DataJungla et quelques commentaires sur le bureaucrate (Zone d’intérêt)

DataJungla et quelques commentaires sur le bureaucrate (Zone d’intérêt)
DataJungla et quelques commentaires sur le bureaucrate (Zone d’intérêt)
-

Rudolf est une personne sensible, capable de s’arrêter en marchant pour caresser un petit chien, dire « je t’aime » à sa jument ou lui envoyer un mémo lui disant de s’occuper des plants de lilas dans la zone de travail.

Son seul travail consiste à commander le camp d’extermination nazi d’Auschwitz.

Le camp de concentration est juste là, à peine séparé par un mur de la belle maison familiale, où les enfants jouent dans la cour. Cela n’empêche pas une vie de famille heureuse.

Digression sur un cas argentin

Ce n’est pas le seul cas d’habitation adjacente à un camp de concentration.
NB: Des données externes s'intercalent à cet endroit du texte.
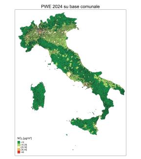 Sono state elaborate le stime dell’esposizione media annuale pesata per la popolazione (Population Weighted Exposure, PWE) al biossido di azoto (NO2) aggregata a livello comunale, mediante l’uso integrato di misure e modelli statistici. I dati ottenuti, relativi al periodo 2016-2024, permettono il confronto della PWE tra tutti i comuni e di avere un quadro completo dell’esposizione media a livello nazionale.

Dans le Centre de détention clandestin de l’ESMA, à Buenos Aires, quelque chose de similaire s’est produit. La maison du directeur se trouvait dans le même bâtiment où les personnes disparues passaient leurs journées à Capucha et Capuchita, deux centres de détention forcée de personnes pendant la dictature civilo-militaire argentine.

Andrea Krichmar était une amie de Berenice Chamorro, la fille du directeur de l’ESMA, et à l’âge de 11 ans, elle a vu une femme encapuchonnée sortir d’une voiture depuis l’une des fenêtres de la maison de son amie. Ici, il le raconte à la première personne.

Nous ne sommes pas originaux si l’on pense à Hannah Arendt et à sa conception de la « banalité du mal ». Arendt parle de banalisation du mal, basée sur sa mise en œuvre à travers des mécanismes bureaucratiques, qui n’incluent pas implicitement une réflexion sur les conditions éthiques et morales de ce qui est fait.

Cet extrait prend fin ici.